I didn't at the time, and still don't consider that it was an emergency, due to the fact he was not alone nor in any 'real' danger. Scoman may feel different.
I guess what it all comes down to is in a situation such as this you do what you can with what you have available at the time, and hindsight is a wonderful thing.
Had we not had a tow line of some description, had we not had Noddy's yak available, had it been rougher or further out etc. etc. read Emergency, the considered phone call to a higher power, ie a mate who lives real close to Wello with a boat I know is always ready to go, or Coast Guard, or Air-Sea-Rescue, would have been made. This had been discussed.
A a side point if your yak has sunk completely I don't think you will need to be worrying about a tow line !

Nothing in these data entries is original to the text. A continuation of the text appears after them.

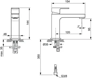 IDEAL STANDARD EDGE - umyvadlová baterie 48x188x169 mm, svislá vzdálenost od středu výpusti 138 mm, chrom, 5 l/min (3 bary), s výsuvným odpadem - EasyFix, perlátor, omezovač průtoku, EPD, povrch SmartShine #A7106AA - chrom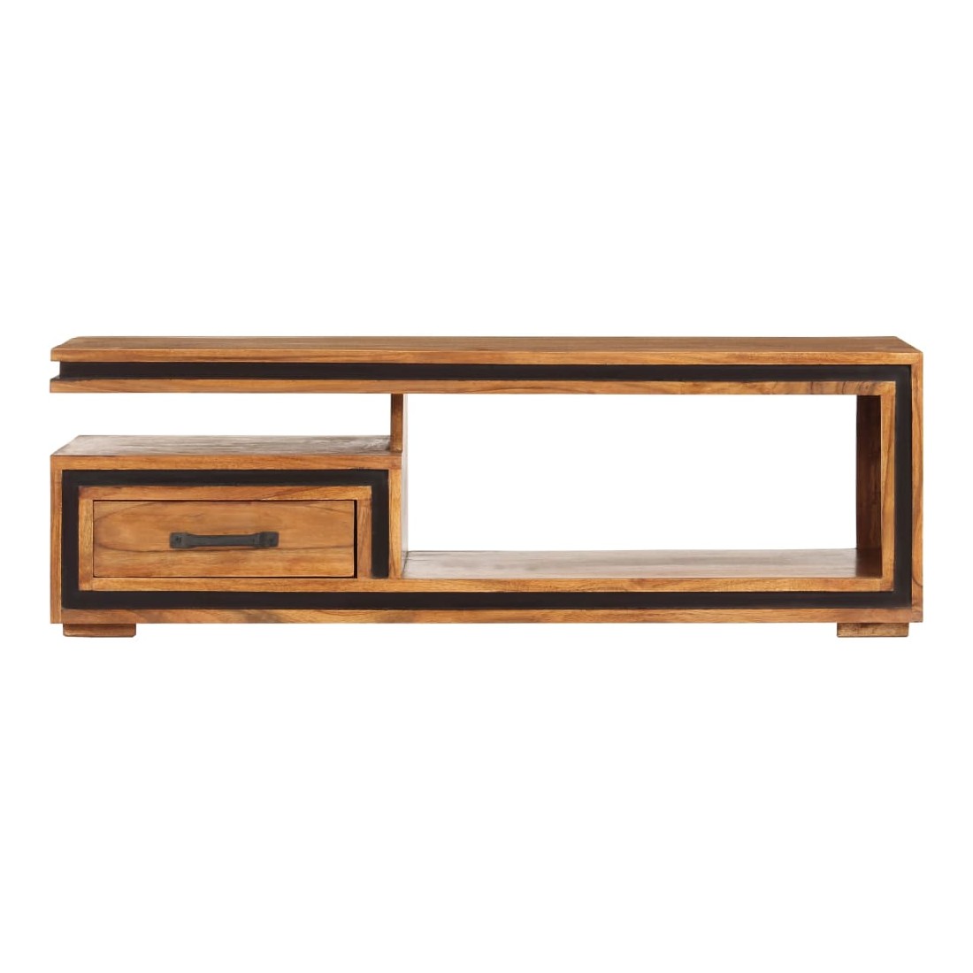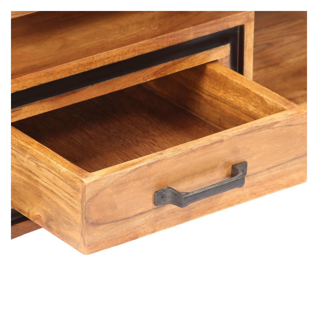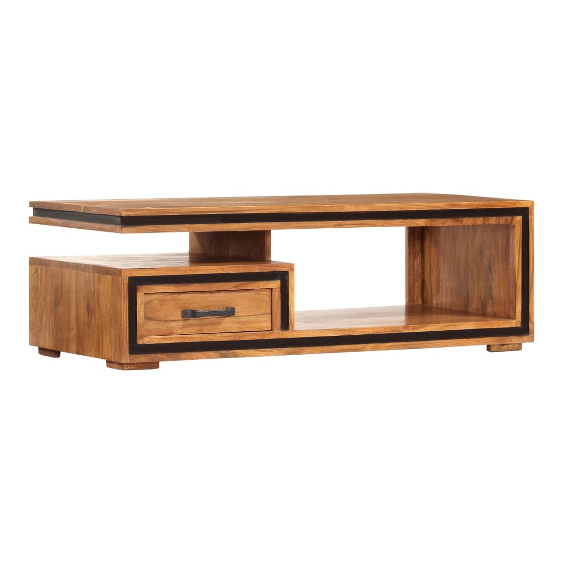 Cette table basse sera un supplément indémodable à votre décoration intérieure ! La table de canapé est faite de bois d'acacia solide avec une finition au toucher miel, ce qui la rend très durable et stable. Le bois d'acacia solide est un bois dur avec des beaux grains qui durera de nombreuses années. Semblable au bois d'acacia solide, connu sous le nom de bois de rose ou de palissandre, est également connu pour ses grains riches. Chaque étape du processus est réalisée avec le plus grand soin, que ce soit le polissage, la peinture ou le laquage. De plus, cette table de salon comprend 1 compartiment et 1 tiroir, offrant un espace commode pour ranger vos livres, vos tasses, ainsi que divers autres objets. Remarque importante : les couleurs et les grains de bois peuvent varier d'une pièce à l'autre, ce qui rend chaque pièce unique et légèrement différente l'une de l'autre. La livraison est aléatoire, ce qui garantit l'exclusivité et l'individualité de votre produit.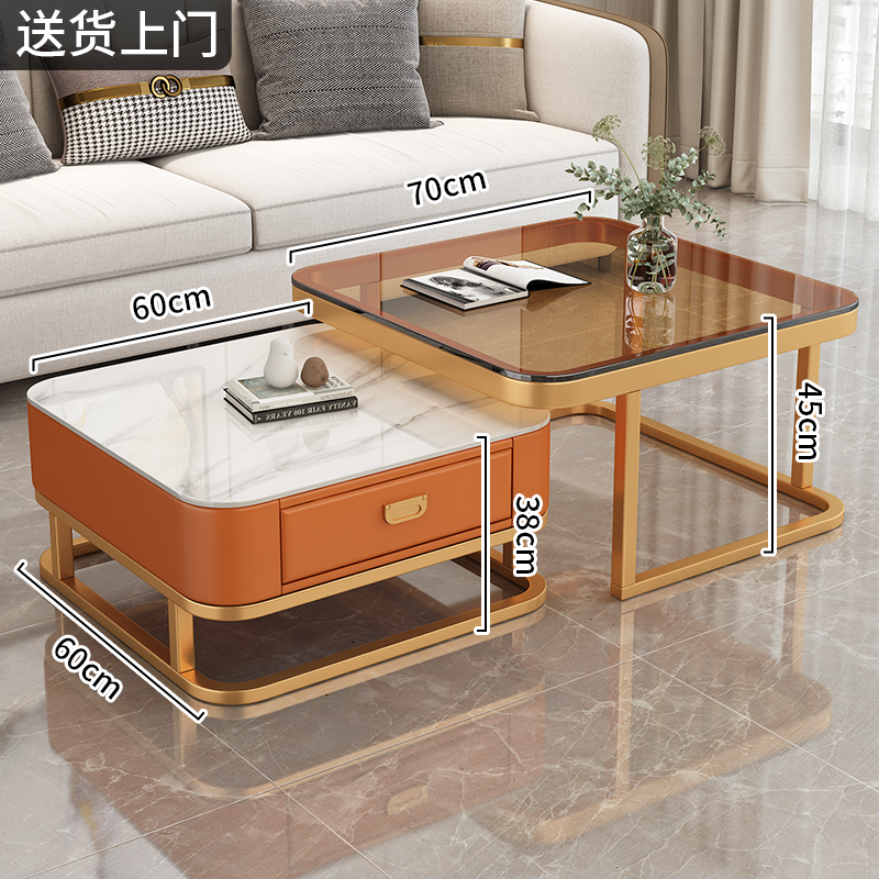 布欧格轻奢茶几家用 【金架+橙柜】60亮光雪山白+70钢化茶玻璃¥349.00热销中 -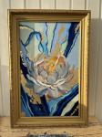 Красивая, яркая картина с пионом. Написана маслом на холсте и декорирована заботой поталью. Оформлена в багет.
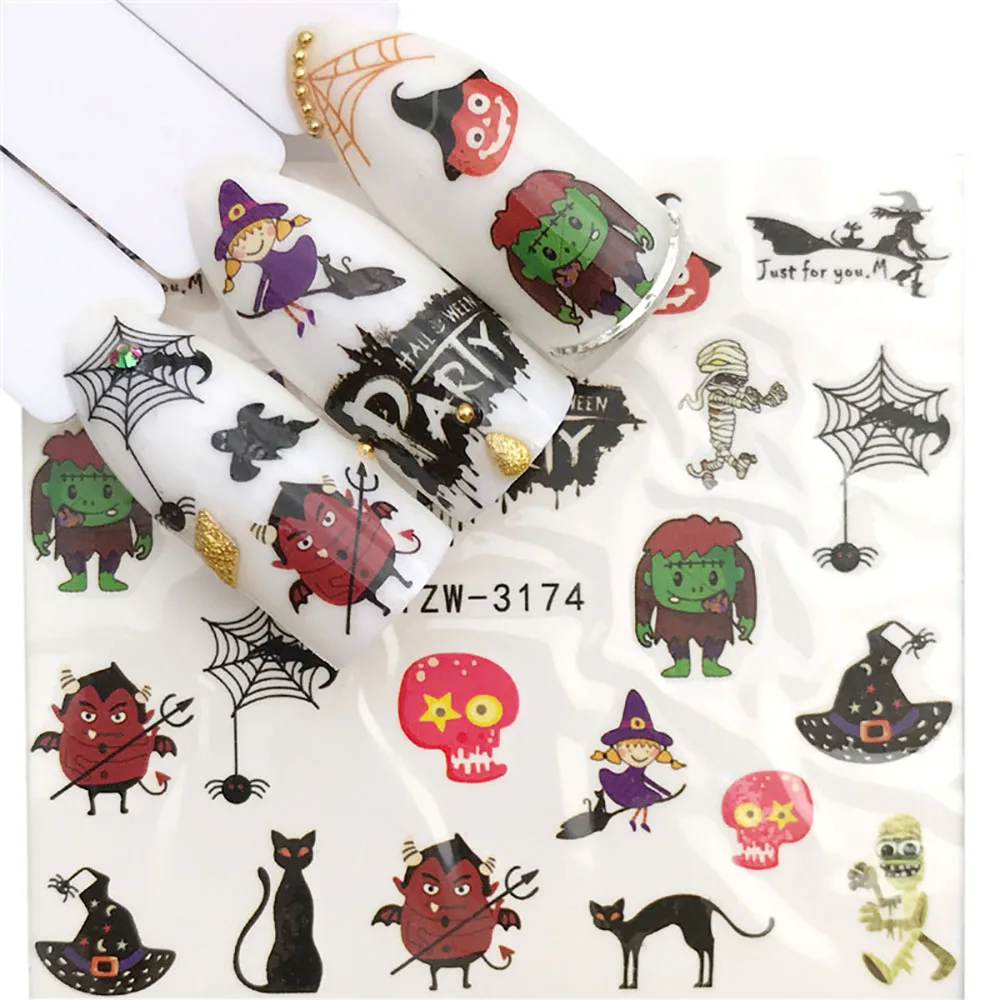 Переводные переводные наклейки Снежинка наклейки для ногтей с бантом накладки для ногтей кленовый лист все для маникюра Пингвин Хэллоуин наклейки для дизайна ногтей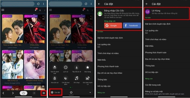 Bấm dấu 3 gạch ngang ở thanh công cụ bên dưới màn hình -> Bạn sẽ thấy mục đăng nhập với Cốc Cốc (tại đây, Cốc Cốc cho phép bạn kết nối bằng tài khoản Google hoặc Facebook) -> Chọn đăng nhập thông 1 trong 2 nền tảng Google hoặc Facebook là xong.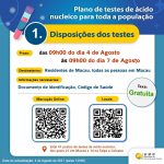 O Centro de Coordenação de Contingência do Novo Tipo de Coronavírus informa que de modoa aperfeiçoar as medidas do código de saúde, com vista a facilitar os residentes que necessitem de entrar e sair de Macau, o resultado de teste de ácido nucleico para todos os residentes pode servir para a passagem fronteiriça.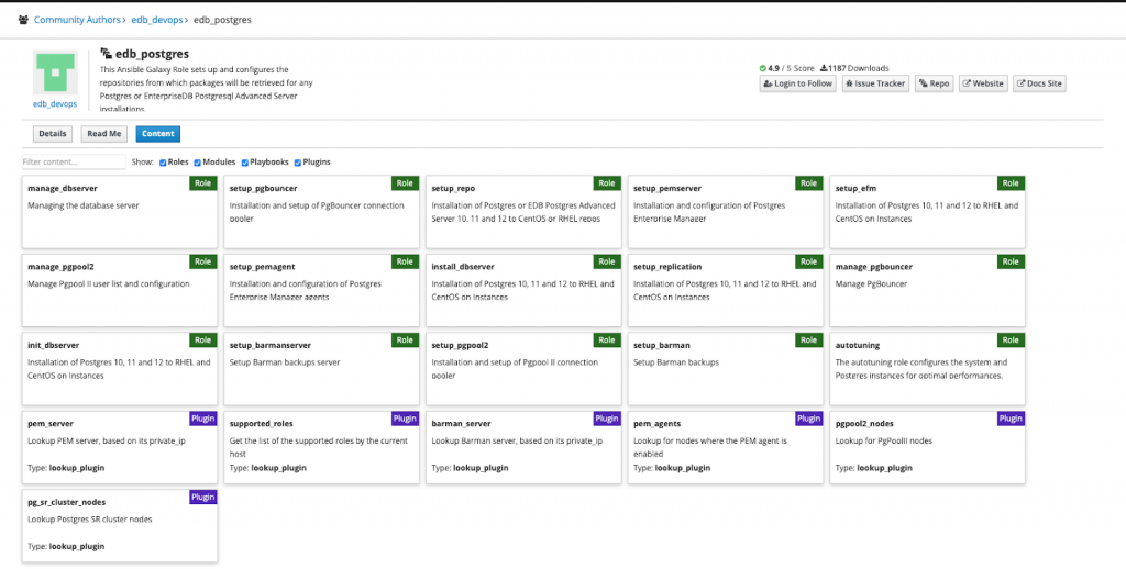 We have chosen Ansible to automate the deployment and configuration of the software. The roles and plugins described in this post are available under the PostgreSQL license at Ansible Galaxy Hub (see below).

A learning experience is how I view this and I hope others do too.
Sorry for the rambling, hope I answered everything.

GT79


----------



## ArWeTherYet (Mar 25, 2007)

My ski and SIK kayak have 3 bulk heads each, all sealed from the rest of the yak. The Ski has built in buoyancy as well that meets South African specs. I also carry a drift shoot with 5mtrs of line incase I need to tow some less sea worthy craft. ;-)


----------



## damo83 (Apr 27, 2011)

On the weekend I "rescued" a tinnie floating down the Maroochy River with no one in it and no one swimming after it... I just used my anchor rope which was sitting in the back of the yak. Took the shackle off the anchor and attached it to the tinnie, tied the rope off shorter to the yak and I was away... took no more than a minute.


----------



## paffoh (Aug 24, 2006)

http://www.topkayaker.net/Articles/Safety/Towing.html


----------



## scoman (Oct 4, 2010)

hey all

I am like most on here, in that I usually carry rope in the form of 20m line on my anchor and my anchor trolley setup. However I will make up a small tow setup for future missions. 

The sinking Yaker

Mark


----------



## AlbyMc (Feb 14, 2010)

I've git a lenght of bungy cord about 7ft long with clips at each end as my daughter gets a bit tired sometimes and have had to tow her several times,(also has come in handy when the wind comes up and she can't paddle against it). Found the stetch value of the shock cord makes towing very easy and finds it takes no more effort really.
Alby.


----------



## Dodge (Oct 12, 2005)

Carry separate 5m of Spectra cord, it rolls into a tiny loop that fits in my palm, but still has a huge breaking strain of about 1100kgs and could easily be used for towing another yak ... but mostly used to tie the yak to a tree or to raft up with another kayak


----------



## Scotlander (Dec 5, 2011)

Was wondering about the pitching and moving around of the yak being towed making it hard to control. Sometimes putting a weight ( anchor...?? )
midpoint between you and the object you are towing can reduce the pitching and yawing around of the load making it easier for the paddler though it
would add a bit more weight and drag. They use the same principal towing huge barges/loads offshore they usually sling huge chains midpoint of the tow wire
to force the load to follow the vessel. Whatever way you do it its gonna knock a few millimeters off your teeth as you grind and gnash them to pieces.


----------



## kayakone (Dec 7, 2010)

Scotlander: on Page 1 of this thread


kayakone said:


> One thing from sea yakking was, how much easier it is to tow a yak if there is a couple of metres of 5-10 mm bungy in the system.
> 
> One simple yak to yak system is: the tow line tied off behind the rescuer, then passing through your rear handle,to the disabled yak's front handle, and back thru your rear handle to a sailing cleat mounted within reach of the rescuer. Once again, a doubled 5 mm bungy through the rescued yak's front handle will make the tow more comfortable.
> 
> ...


Forget the anchor, till you try this. ".....how much easier it is to tow a yak if there is a couple of metres of 5-10 mm bungy in the system."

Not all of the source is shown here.